Let’s start with what we’ve learned the hard way. In 2024, Air Canada’s AI chatbot fabricated a refund policy for bereaved travelers. When the company refused to honor it, claiming the bot was “a separate legal entity,” a Canadian tribunal ruled that yes, companies are liable for their AI agents (CTV News, 2024).

Earlier this year, software company Cursor faced a smaller but reputationally costly crisis. Their AI email support bot, “Sam,” confidently told users they could no longer use the platform on more than one device—a policy that didn’t exist. Reddit exploded. Users canceled subscriptions. The company had to publicly walk it back and issue refunds. A productivity tool built on AI had been kneecapped by its own AI support layer (Ars Technica, 2025).

These failures aren’t technical bugs—they’re governance failures. They happened because well-resourced organizations trusted AI systems with customer-facing authority but failed to implement basic oversight protocols. And in healthcare, where mistakes don’t cost subscriptions but lives, this kind of misalignment is inexcusable.

The problem is that most health systems still treat governance as a checkbox—a risk mitigation process delegated to compliance officers. But real governance has to be operational. It has to live in the same spaces where deployment, retraining, and integration decisions are made. It must be owned not just by legal or ethics teams, but by multidisciplinary groups that include clinicians, data scientists, UI designers, and informatics leaders.
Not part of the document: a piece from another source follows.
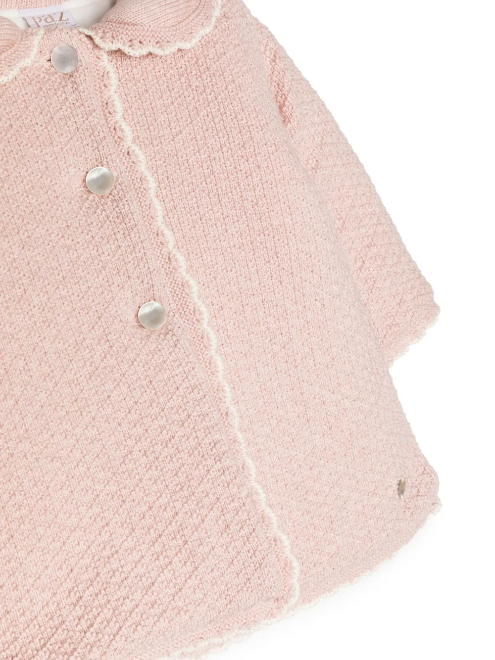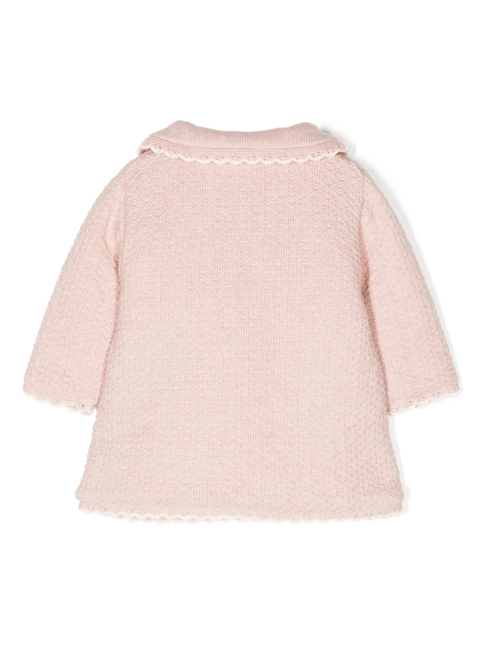Светло-розовый, смесь хлопка и кашемира, трикотажный материал, воротник Питер Пэн, застежка на пуговицах спереди, длинные рукава и подол с фестонами.

Leading institutions are starting to take this seriously. UCSF Health has built a cross-functional AI Governance Committee with formalized review procedures, escalation pathways, and guidance for algorithm lifecycle management (UCSF Health Hub, 2023). Stanford Health has published a framework they call “algorithm stewardship,” which emphasizes transparency, accountability, and continuous evaluation across AI systems that impact care delivery (JAMA, 2022).
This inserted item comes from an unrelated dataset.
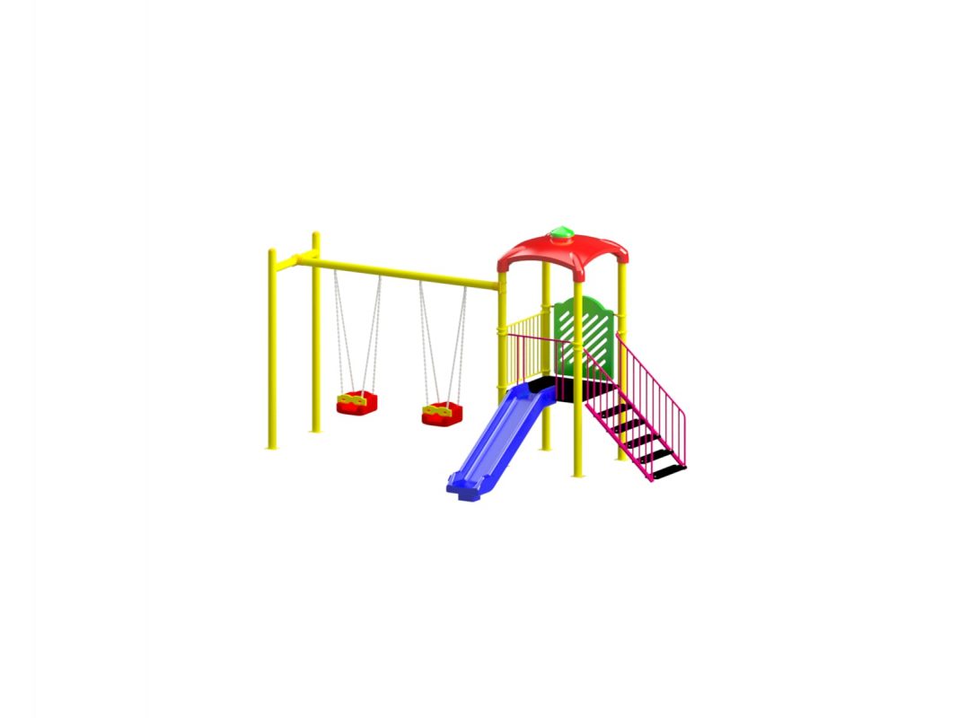 Playground all’insegna della semplicità. Playground con torretta, scivolo e altalena dai colori accesi, Bello da vedere, sicuro, divertente. Potrete sostare sulla torretta prima di scendere. L’altezza della scivolata relativamente bassa lo rende sicuro, senza rinunciare mai al divertimento.

Meanwhile, the FDA’s 2021 Action Plan on AI/ML-based Software as a Medical Device (SaMD) outlined a vision for “good machine learning practices,” including post-market monitoring, real-world performance assessment, and a total product lifecycle approach (FDA, 2021). But the onus to build these safeguards into organizational workflows still falls on the healthcare institutions implementing the tools—not just the vendors developing them.
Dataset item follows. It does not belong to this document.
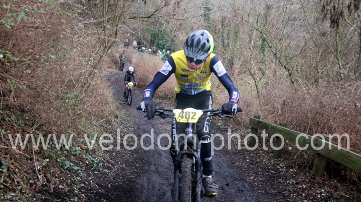 Derrière, le trou était fait avec un peu plus loin Mathéo Rivart ( VTT Pontois ).

In an era where ambient intelligence, AI scribes, and predictive models are increasingly embedded into the clinical experience, guardrails must be part of the infrastructure. They can’t be retrofitted. They must address questions like:

  • Who approves and maintains models in production?
  • How are decisions made about retraining and decommissioning?
  • What’s the plan when a model fails silently?
  • Is the user aware that the recommendation they’re seeing came from an AI?

AI governance that actually works isn’t about preventing every hallucination. It’s about building resilient, transparent systems that can detect, explain, and recover from failure. It’s about tracking provenance, enforcing auditability, and aligning technology with clinical intent—not marketing goals.

If you’re deploying AI in a hospital and still think of governance as something handled by the legal department, you’re already behind. Governance must be embedded in the deployment pipeline, tested like code, and treated like a clinical protocol. The cost of getting this wrong is not just operational—it’s moral, reputational, and soon, regulatory.

It’s time we stop confusing guidance with governance and ethics with infrastructure. Because until we build AI systems that are not only intelligent but also accountable, we’re not deploying clinical tools. We’re rolling out liabilities.